Nachgefragt bei … Rechtsanwalt Dr. Thomas Ax
Frage: Wodurch zeichnet sich das neue Vergaberecht für Rheinland-Pfalz nach Verwaltungsvorschrift 2021 aus?
Antwort: Haushalts- und Vergabegrundsätze
Bei der Vergabe von öffentlichen Aufträgen und Konzessionen sind die haushaltsrechtlichen Grundsätze der Wirtschaftlichkeit und Sparsamkeit (§ 7 LHO, § 93 der Gemeindeordnung – GemO – vom 31. Januar 1994 – GVBl. S. 153, BS 2020-1 – in der jeweils geltenden Fassung) zu beachten. Darüber hinaus gelten die Vergaberechtsgrundsätze des Wettbewerbs, der Transparenz, der Wirtschaftlichkeit, der Gleichbehandlung und der Verhältnismäßigkeit. Aspekte der Qualität und der Innovation sowie soziale und umweltbezogene Aspekte werden nach Maßgabe dieser Verwaltungsvorschrift und der anzuwendenden Verfahrensvorschriften berücksichtigt.

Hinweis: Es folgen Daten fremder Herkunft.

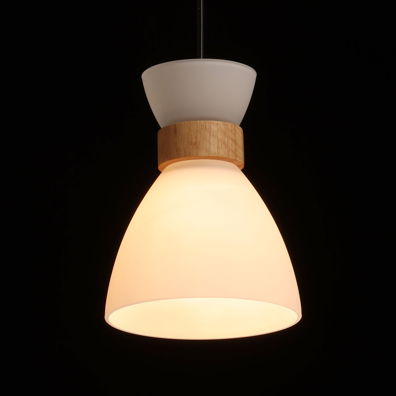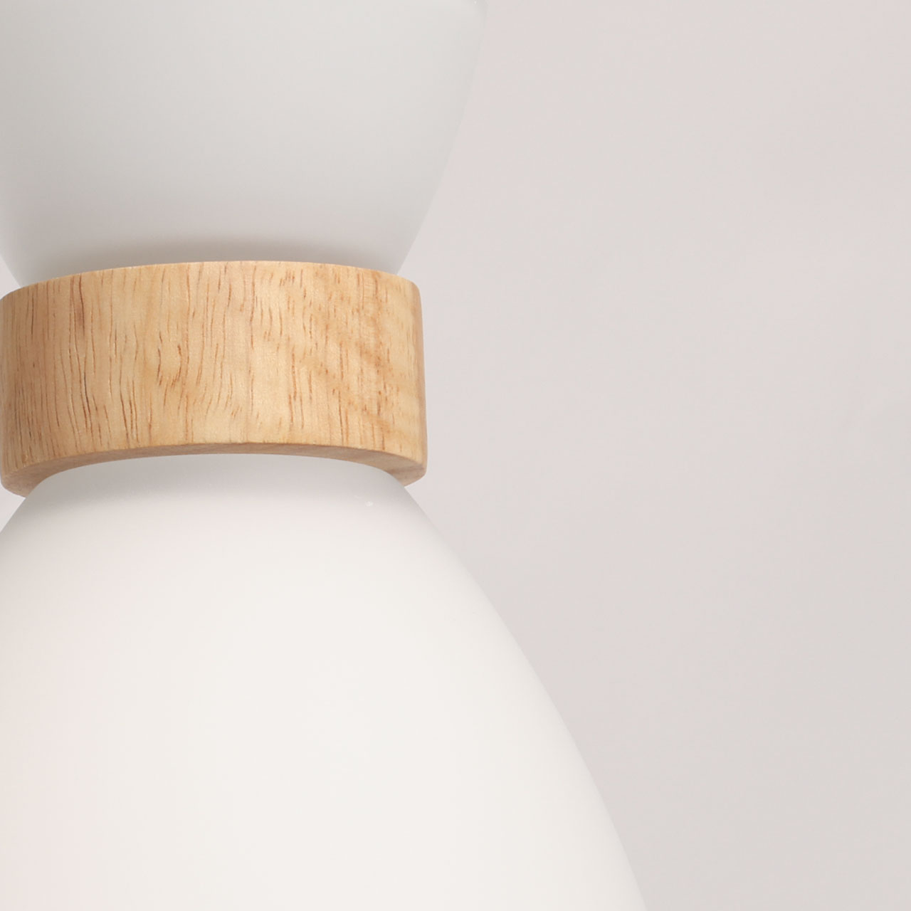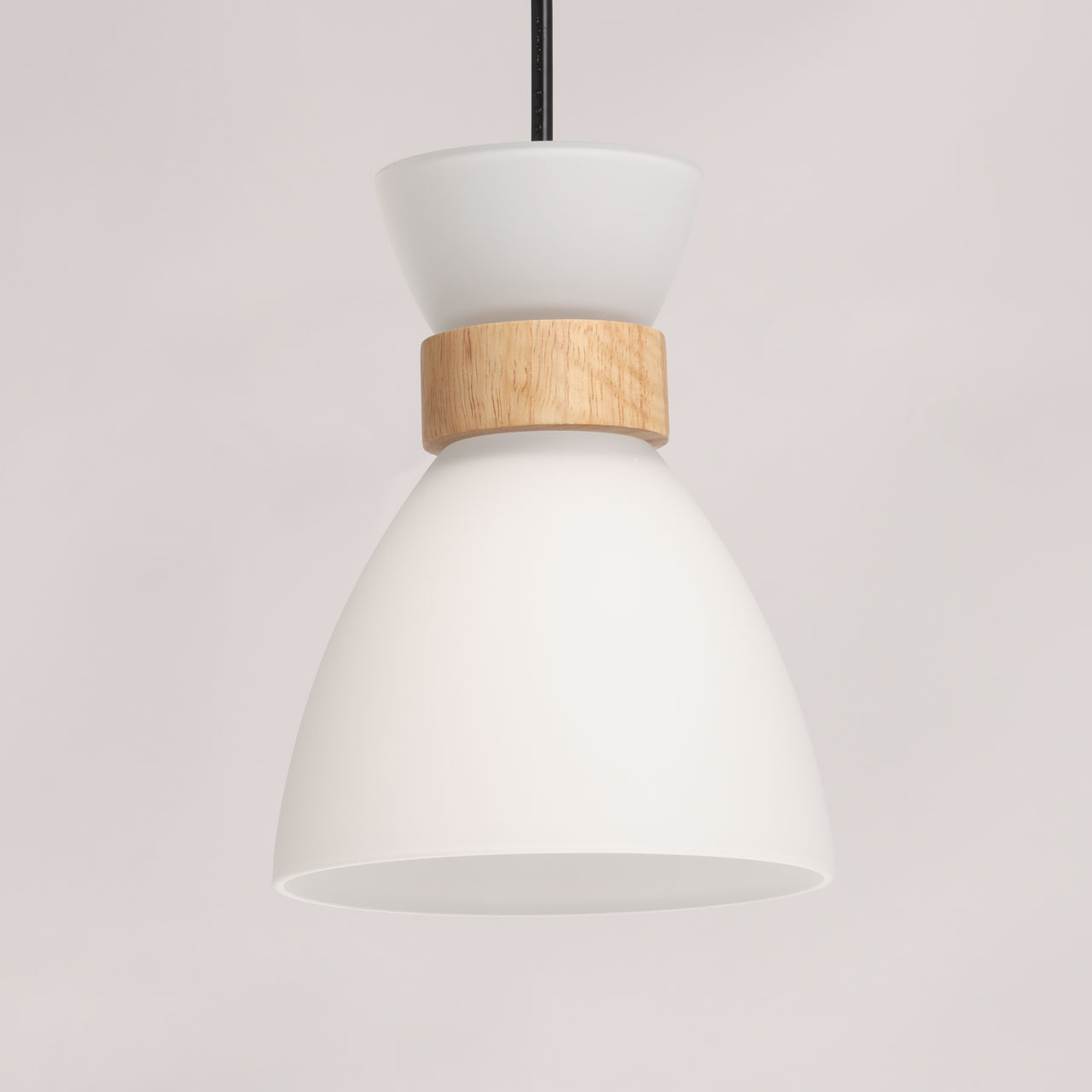 Основание подвеса выполнено из натурального дерева светлого цвета. Отдельные элементы основания выполнены из металла и окрашены в черный цвет. Стеклянный плафон с внутренней стороны окрашен в белый цвет. Подвес декорирован элементами из светлого натурального дерева.

Anzuwendende Vergabeverfahrensvorschriften
Für öffentliche Aufträge unterhalb der EU-Schwellenwerte gelten § 55 LHO und die Verwaltungsvorschrift zum Vollzug der Landeshaushaltsordnung (VV-LHO) vom 20. Dezember 2002 (MinBl. 2003 S. 22, 324; 2017 S. 340) zu § 55 LHO sowie § 22 GemHVO und die Verwaltungsvorschriften zu § 22 GemHVO entsprechend der Neufassung der Verwaltungsvorschriften zur Durchführung der Gemeindehaushaltsverordnung (GemHVO-VV) vom 17. Januar 2017 (MinBl. S. 105) in ihren jeweils geltenden Fassungen.
Es sind anzuwenden:
a) die Unterschwellenvergabeordnung (UVgO) vom 2. Februar 2017 (BAnz AT 07.02.2017 B1, ber. BAnz AT 08.02.2017 B1) und der Teil B der Vergabe- und Vertragsordnung für Leistungen (VOL/B) vom 5. August 2003 (BAnz Nummer 178a vom 23.09.2003),
b) die Vergabe- und Vertragsordnung für Bauleistungen (VOB) – Ausgabe 2019 – Teil A, Abschnitt 1 vom 19. Februar 2019 (BAnz AT 19.02.2019 B2), Teil B vom 7. Januar 2016 (BAnz AT 19.01.2016 B3, ber. BAnz AT 01.04.2016 B1) und Teil C in der Fassung der Allgemeinen Technischen Vertragsbedingungen für Bauleistungen (ATV), herausgegeben als DIN-Normen, Ausgabe September 2016, in der jeweils geltenden Fassung, sofern in dieser Verwaltungsvorschrift keine abweichenden oder ergänzenden Regelungen getroffen sind. Die Vergabe- und Vertragsordnungen stehen im Internet unter bmwi.de unter der Rubrik „Öffentliche Aufträge und Vergabe“ und www.fib-bund.de unter der Rubrik „Vergabe“ zur Verfügung.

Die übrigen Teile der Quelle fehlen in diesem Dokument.